The redemptive tale of Erik Johnson altering his mechanics and reviving his career hit a very troubling snag Monday.
1. Johnson was optioned to Triple-A Charlotte along with Tyler Danish and Steve Lombardozzi, and making it nowhere near the final roster cuts in his bid for the fifth starter slot; a race in which he was virtually unopposed at the start of February.
Worse yet, Mat Latos hasn’t exactly rolled in and restored his halcyon days; he won’t even make his full Cactus League debut until Tuesday afternoon. This demotion is about Johnson, who is at least commanding his secondaries better than last September even if they haven’t regained much bite, but had his sloppy mechanics return and his velocity lag through the Spring.
Don Cooper was charitable, saying he was happy with Johnson’s progress and that his main issue is with fastball command, and that this move is about letting Latos and Johnson have the most time to prepare for where the organization plans to have them start their season. But this is a phenomenally weak back-end of a rotation to get forced out of with weeks left in Spring camp.
Johnson has completely mastered Triple-A and is 26-years-old, so a very quick once-over makes his career look unfairly stalled; someone for whom a #FreeErikJohnson campaign would get launched a few years back due to his burly minor league stats and how they projected to major league action without context. The visuals of Johnson don’t match, however, and he just doesn’t flash an area where he excels at the major league level, be it bat-missing stuff, control or sinking action.
2. For contrast, Cooper is far less reserved and measured when talking about 2015 first-round pick Carson Fulmer, whom he claimed is ahead of where Carlos Rodon was his development path at this point in his career…the same Rodon whose major league experience relative to how recently he was drafted is beyond any recent comparison.

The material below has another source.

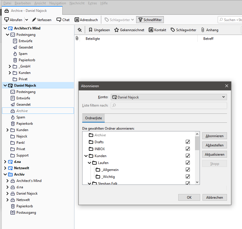 Mir ist heute aufgefallen, dass meine Archive nicht mehr in Thunderbird angezeigt werden. Thunderbird liegt bei mir auf C:\, die Archive separat als eigener Ordner auf D:\ - dort sind die .sbd-Ordner auch noch alle vorhanden.

One interpretation of this could be that the only way for Fulmer to be more advanced than Rodon is to break camp with the team, since Rodon debuted in May the year after he was drafted. Another could be that Rodon was still very raw when he got called up to the major leagues and subsisted off pure tools without being able to throw a changeup or a strike, and this isn’t really the ideal path for Fulmer, even if Cooper likes his cutter and changeup with all of his heart.
He’s not actually going to break camp with the team, but with Mau Rubio of 2080 Baseball suggesting him starting in Triple-A as a real possibility, Fulmer could easily leapfrog Johnson as the next option in the rotation down from the Latos-John Danks pairing even before the All-Star Break. It sounds like desperation, but the Sox’ strength lies in quickly enabling polished college arms to compete against major league hitters. A rushed Fulmer is a much better bet to boost their team ceiling than Tim Anderson being rushed to aid a broken situation at shortstop, and Johnson doesn’t look like he’ll boost the ceiling much at all.

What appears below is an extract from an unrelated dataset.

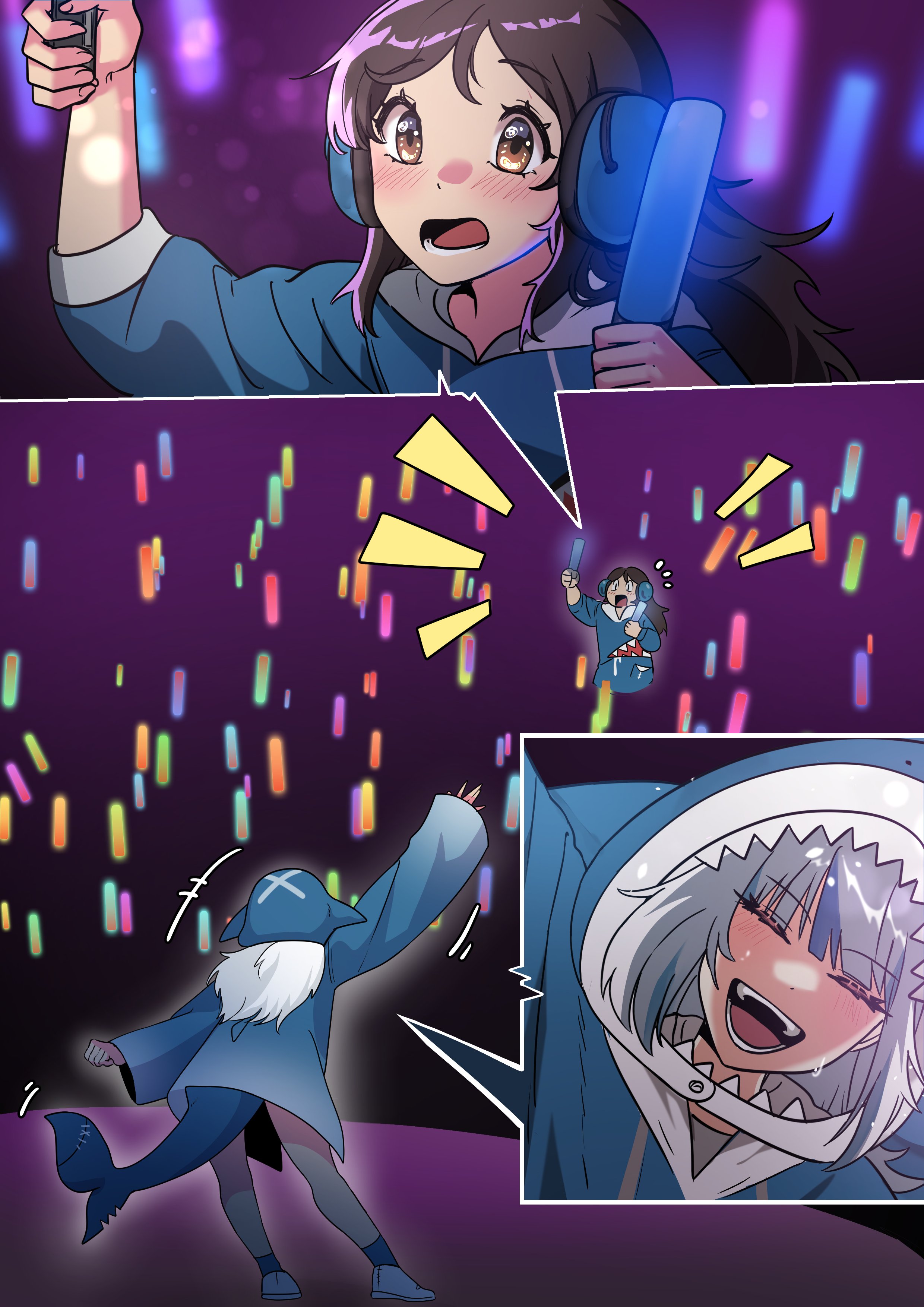 2girls absurdres animal_costume animal_hood blue_hair blue_hoodie blush brown_eyes brown_hair closed_eyes cosplay fins fish_tail gawr_gura gawr_gura_(1st_costume) gawr_gura_(cosplay) glowstick grey_hair headphones highres holding holding_glowstick hololive hololive_english hood hoodie long_hair looking_at_viewer medium_hair multiple_girls open_mouth penlight_(glowstick) rait_visual_works real_life shark_costume shark_girl shark_hood shark_tail shoes smile sneakers tail virtual_youtuber waving

3. Speaking of starting shortstop, it’s probably Jimmy Rollins?
“Robin Ventura says he knows who will be the White Sox starting shortstop in Oakland… He declined to tell us today.”
Rollins has higher upside (so to speak), pedigree, veteran status, etc. The White Sox should want him to win the job, as he provides the most offensive potential and allows Tyler Saladino to slide into a super-sub role for which he is better suited.
Saladino winning would be contingent on Rollins being obviously toast in Spring and the Sox just deciding to concede the affair and punt the position offensively. That would not be a decision to rush to with this much time left, whereas deciding that Rollins looks healthy and fresh, and should just prepare for a starter role would be. Ken Rosenthal has a piece detailing how Rollins is hopeful that adjusting to the shifts being thrown at him was behind his offensive uptick after a slow start in 2015.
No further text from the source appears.